- _Records drawn from a dataset_:
- - -

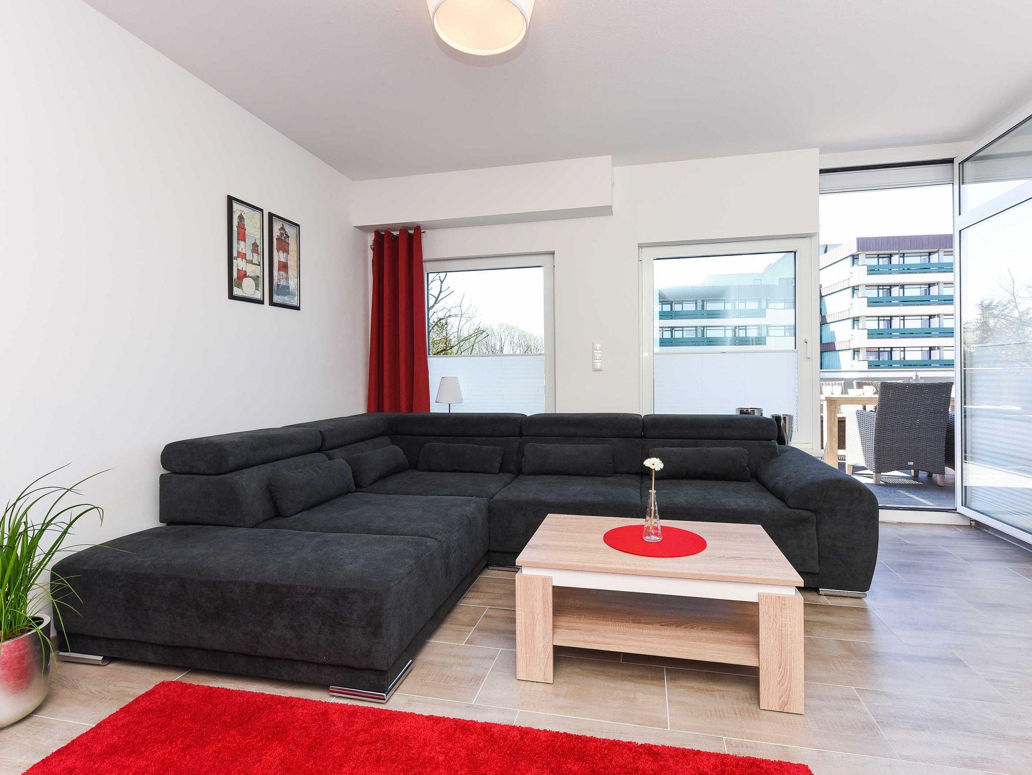 Moderne Ferienwohnung im Nordseegartenpark Bensersiel mit Balkon und Blick auf Hafen und Nordsee.
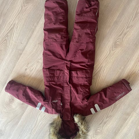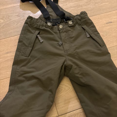 Reflex barnebukse i størrelse 104, laget av polyester. Buksen har en grå farge og passer til både gutte og jente barn. Materialet består av 96% polyester og 4% elastan, med foring i 100% polyester. Produktet har elastisk midje og forsterkede områder på knær og bakside. Buksen kan vaskes på 40 grader og tåler ikke tørketrommel. Det er et mindre hull i stoffet på ene benet og er litt slitt i rumpa. Trenger noen lapper, og etter hvert nye strikker i beina.
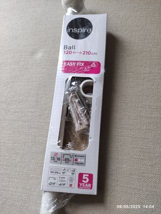 Barra para cortina Inspire, color negro, de metal. Es extensible, mide de 120 a 210 cm. Incluye 2 terminales de bola. Se encuentra en buen estado, lista para usar.
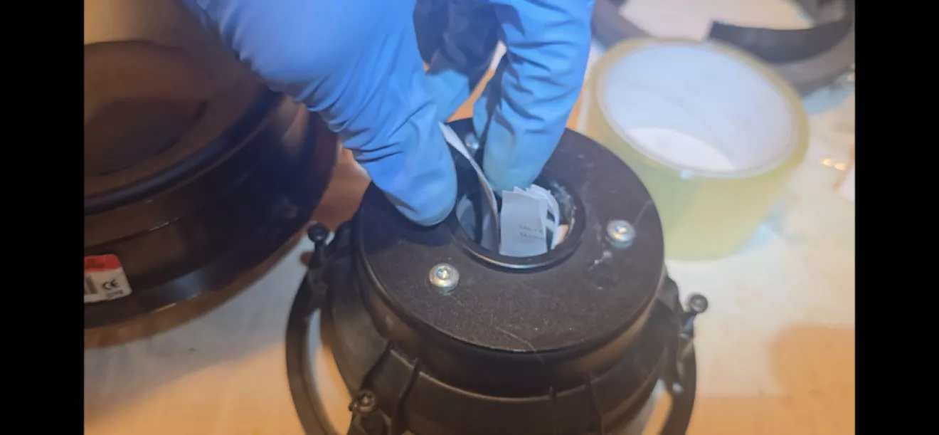 После сборки динамика, когда клей окончательно схватиться, можно аккуратно вытаскивать. Чтоб бумага не порвалась, я засовывал палец одной руки глубоко внутрь, как бы, меняя точку приложения силы, а другой рукой тянул за торчащий кончик.
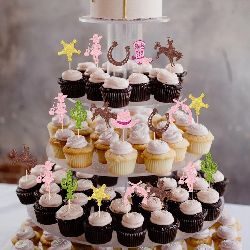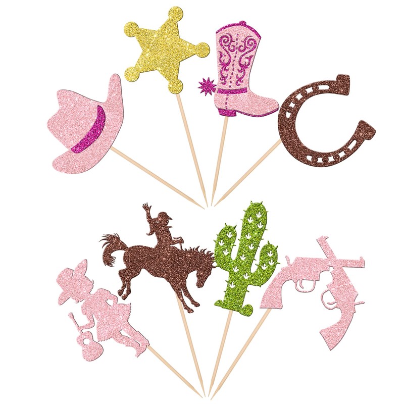 32 piezas de decoración de magdalenas de vaquera, zapatos de caballo con purpurina, pistola de cactus, púas de magdalenas, sombreros de vaquera, botas para decoración de magdalenas con temática occidental, baby shower, niñas, fiesta de cumpleaños, decora
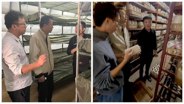 2024年10月,江西省省级科技特派员孟信刚和宋景平老师携食用菌产业团队骨干成员王凯琦博士、方倞杰博士赴山东临沂食用菌企业进行考察与引种。结合景德镇浮梁地区的气候特点,他们与企业人员进行专业、深入的交流,最终选择黑皮鸡枞菌(Xerularadicata)作为引种对象。
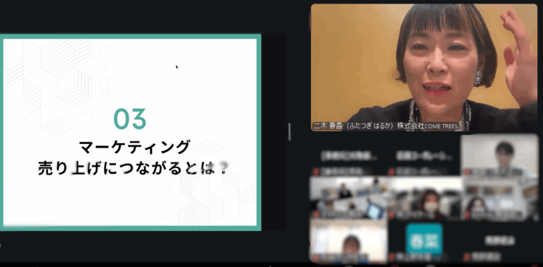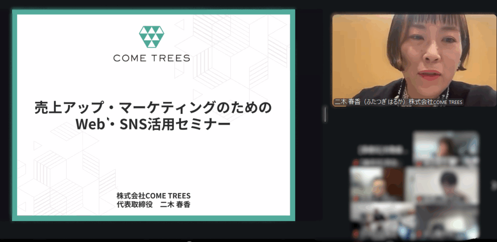 講師には株式会社COME TREES 代表取締役 二木 春香 氏をお迎えし、中小企業様でも無理なく取り組めるSNS・WEB活用のポイントを、実際の成功事例を交えながら分かりやすくお話いただきました。
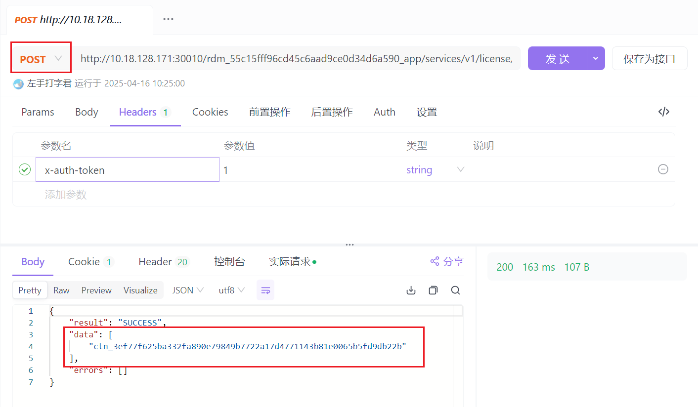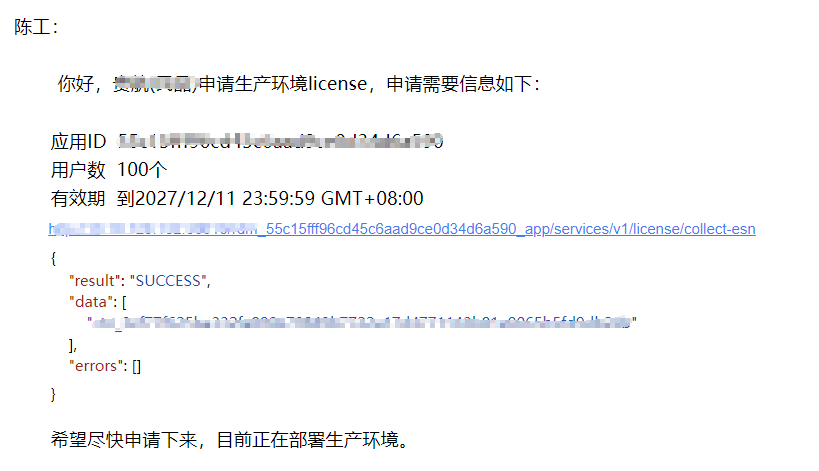 http://{服务的IP地址}:{服务的端口号}/rdm_{应用的唯一标识}_app/services/v1/license/collect-esn调用接口,http头添加x-auth-token值为1,获取到的一个唯一编码
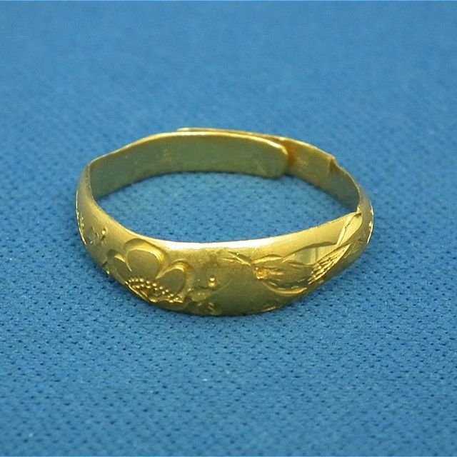 純金は柔らかいので、手で曲げてサイズ調整できるようになっています。このような形状の指輪は純金の可能性が高いです!是非お持込みください。
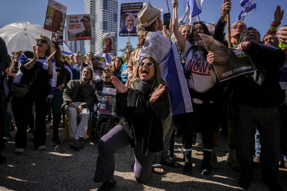I Tel Aviv, där anhöriga och allmänhet följer frigivningen på storbildsskärm, utbryter stort jubel.
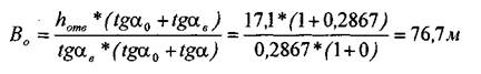 где ао - угол естественного откоса торфов, а0 =45°; а - угол наклона поверхности увала, ее =0; ав - угол выезда бульдозера на отвал, ав =12°.
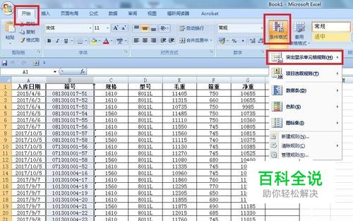 点击开始选项卡-然后点击-条件格式,弹出的菜单中点击-突出显示单元格规则。
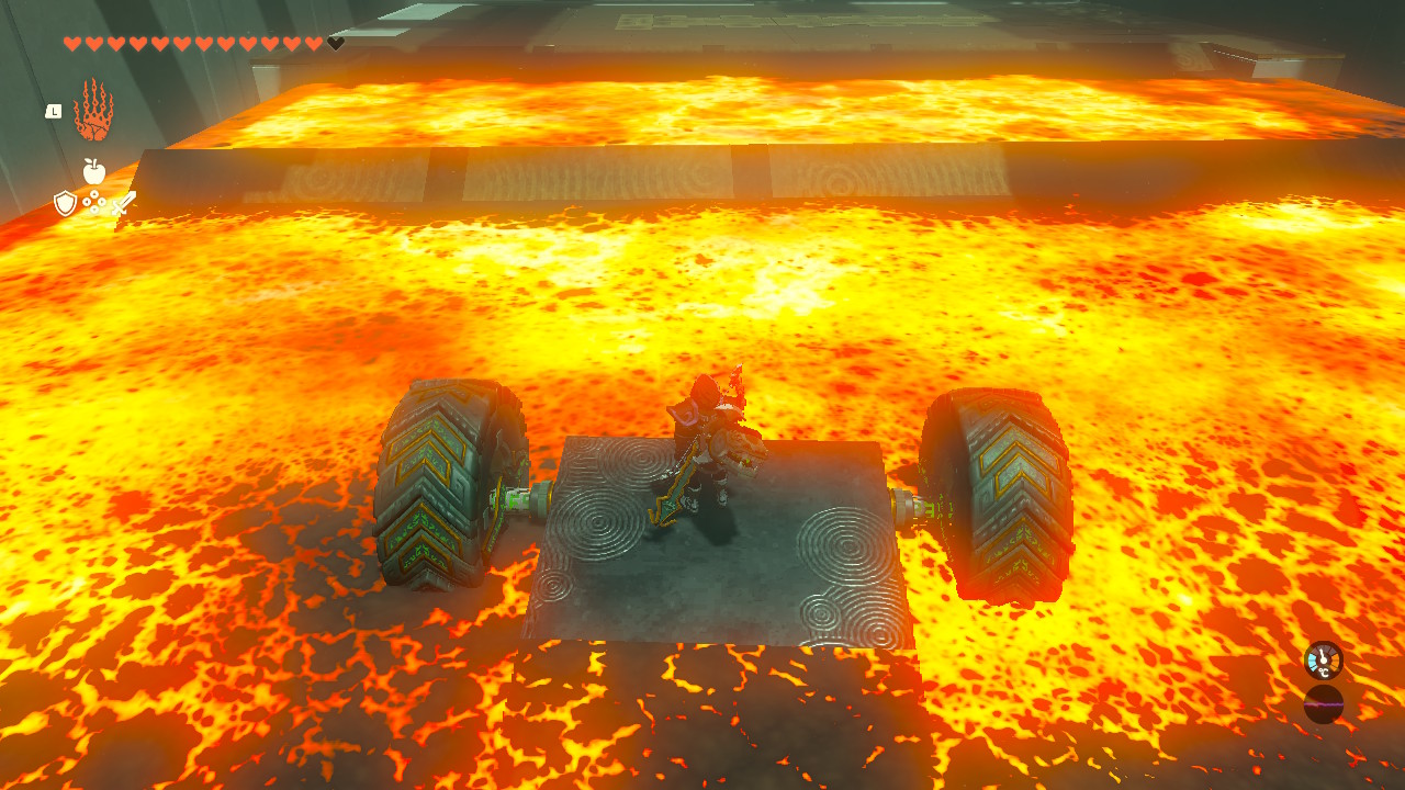 앞에 보이는 장치 두개를 이어붙인 후 가동시켜 용암지대를 건너갑니다.
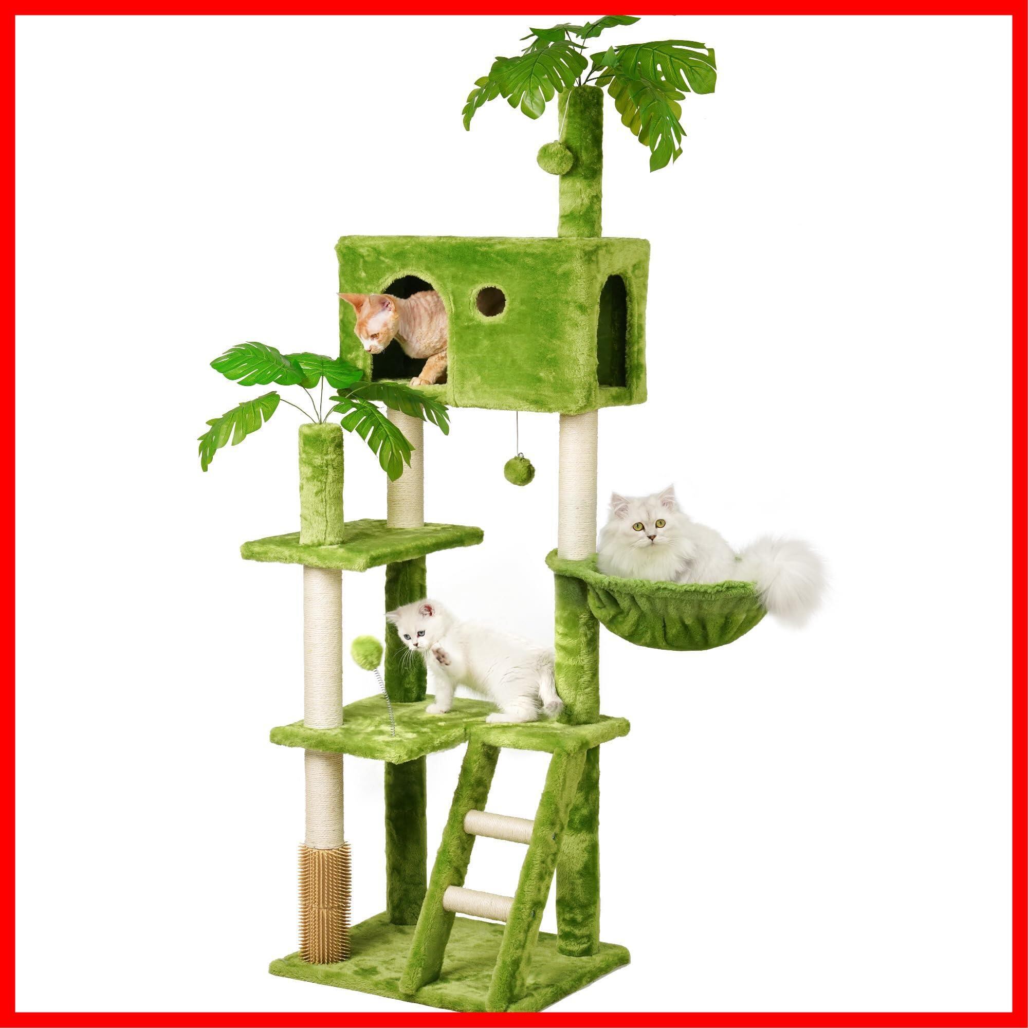 Meecal キャットタワー 大型猫用 葉付き 猫タワー 多頭飼い 耐荷重10KG キャットタワー大型 爪研ぎポール ハンモック 転倒防止装置 キャットハウス 猫 マッサージ 天然麻紐 展望台 階段 遊びのポンポン - グリーン 高さ165cm | ニコニコshops

- - -

- _WORK TO BE COMPLETED_: Return only the stretch above from the line containing "32 piezas de" through the line containing "純金は柔らかいので、手で曲げ", word for word and without pictures.

- _RESPONSE BOX_:
 32 piezas de decoración de magdalenas de vaquera, zapatos de caballo con purpurina, pistola de cactus, púas de magdalenas, sombreros de vaquera, botas para decoración de magdalenas con temática occidental, baby shower, niñas, fiesta de cumpleaños, decora
 2024年10月,江西省省级科技特派员孟信刚和宋景平老师携食用菌产业团队骨干成员王凯琦博士、方倞杰博士赴山东临沂食用菌企业进行考察与引种。结合景德镇浮梁地区的气候特点,他们与企业人员进行专业、深入的交流,最终选择黑皮鸡枞菌(Xerularadicata)作为引种对象。
 講師には株式会社COME TREES 代表取締役 二木 春香 氏をお迎えし、中小企業様でも無理なく取り組めるSNS・WEB活用のポイントを、実際の成功事例を交えながら分かりやすくお話いただきました。
 http://{服务的IP地址}:{服务的端口号}/rdm_{应用的唯一标识}_app/services/v1/license/collect-esn调用接口,http头添加x-auth-token值为1,获取到的一个唯一编码
 純金は柔らかいので、手で曲げてサイズ調整できるようになっています。このような形状の指輪は純金の可能性が高いです!是非お持込みください。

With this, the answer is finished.